Action item:
Each line in the material below, starting at the one with "Young Asian woman" and ending at the one with "The pick-up in", is to be reproduced exactly; no picture is to be copied.

The data:

#####

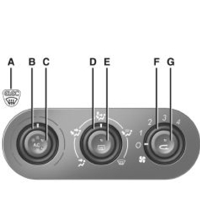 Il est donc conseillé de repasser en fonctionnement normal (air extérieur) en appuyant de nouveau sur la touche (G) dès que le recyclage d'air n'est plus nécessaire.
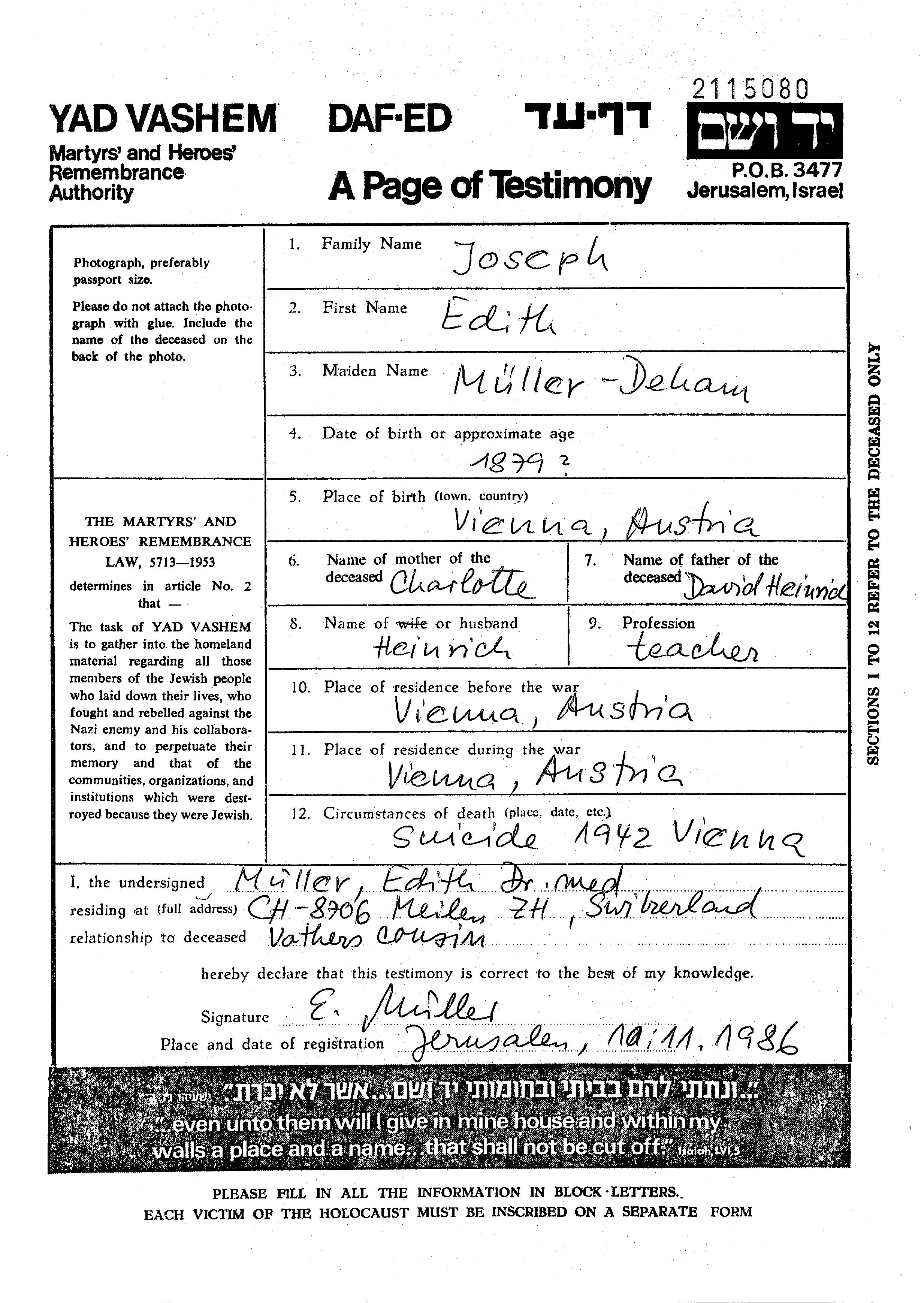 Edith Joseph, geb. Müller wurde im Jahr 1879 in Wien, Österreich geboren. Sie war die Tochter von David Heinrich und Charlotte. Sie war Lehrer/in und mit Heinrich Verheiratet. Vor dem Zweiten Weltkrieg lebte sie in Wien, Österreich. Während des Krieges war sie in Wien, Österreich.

#####

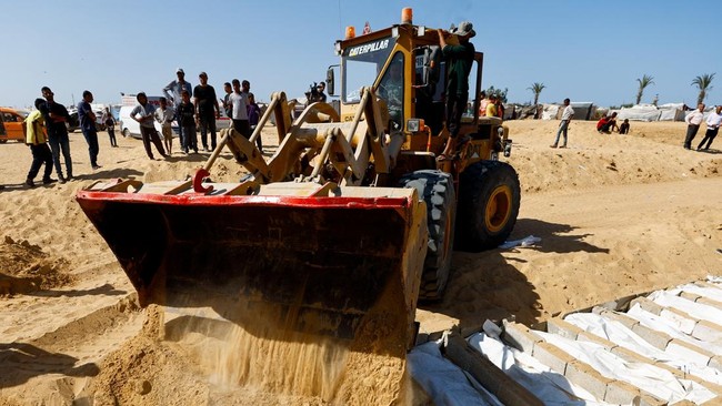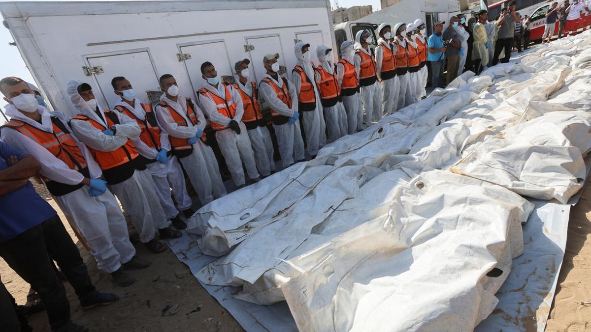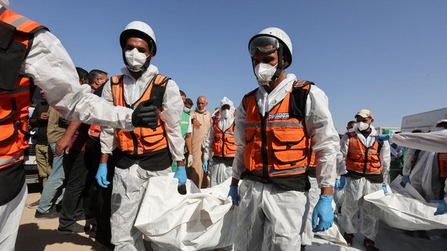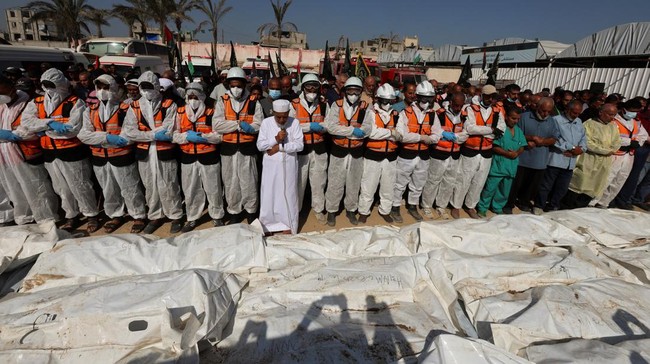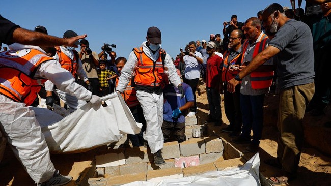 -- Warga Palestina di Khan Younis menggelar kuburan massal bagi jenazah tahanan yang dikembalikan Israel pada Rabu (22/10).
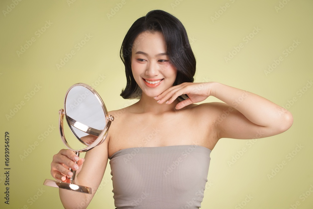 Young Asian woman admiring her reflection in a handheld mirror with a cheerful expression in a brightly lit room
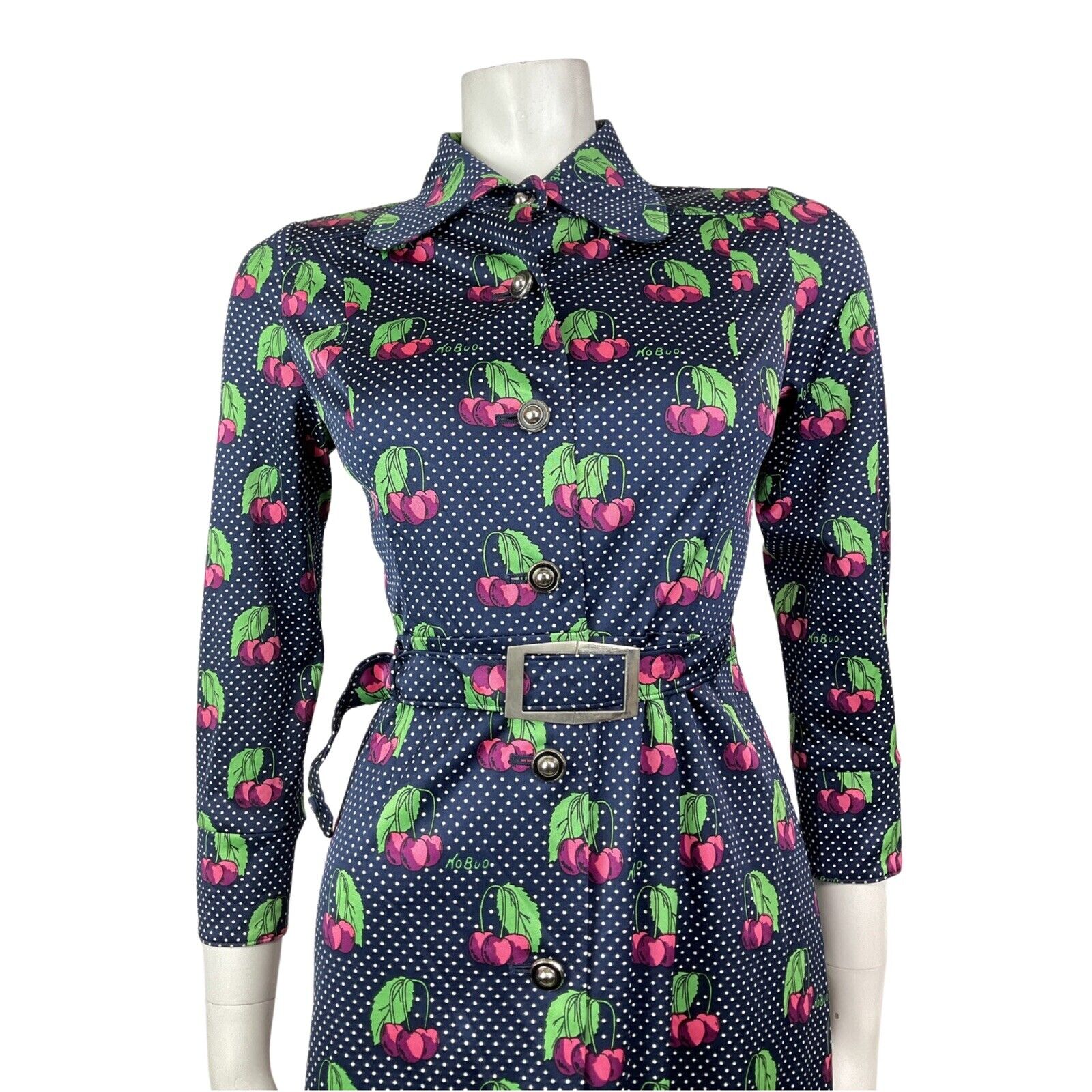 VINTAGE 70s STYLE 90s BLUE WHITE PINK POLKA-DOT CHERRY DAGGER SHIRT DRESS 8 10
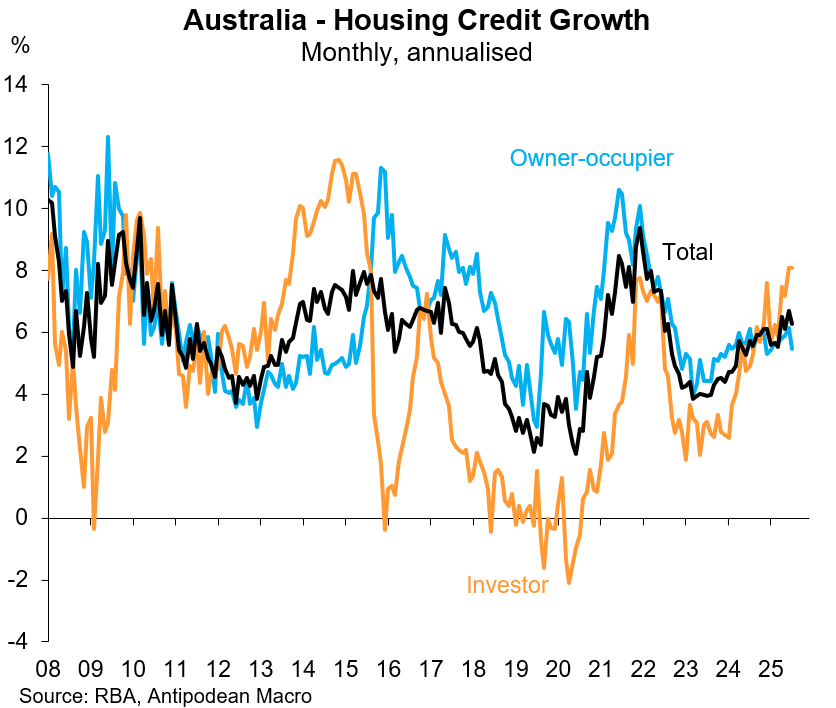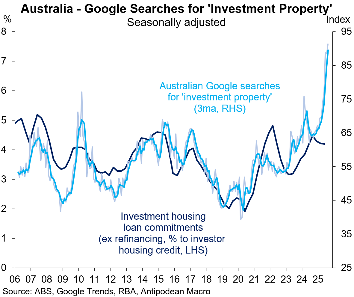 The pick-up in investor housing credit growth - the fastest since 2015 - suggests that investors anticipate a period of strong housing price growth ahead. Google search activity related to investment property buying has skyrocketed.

#####

Your response:
 Young Asian woman admiring her reflection in a handheld mirror with a cheerful expression in a brightly lit room
 VINTAGE 70s STYLE 90s BLUE WHITE PINK POLKA-DOT CHERRY DAGGER SHIRT DRESS 8 10
 The pick-up in investor housing credit growth - the fastest since 2015 - suggests that investors anticipate a period of strong housing price growth ahead. Google search activity related to investment property buying has skyrocketed.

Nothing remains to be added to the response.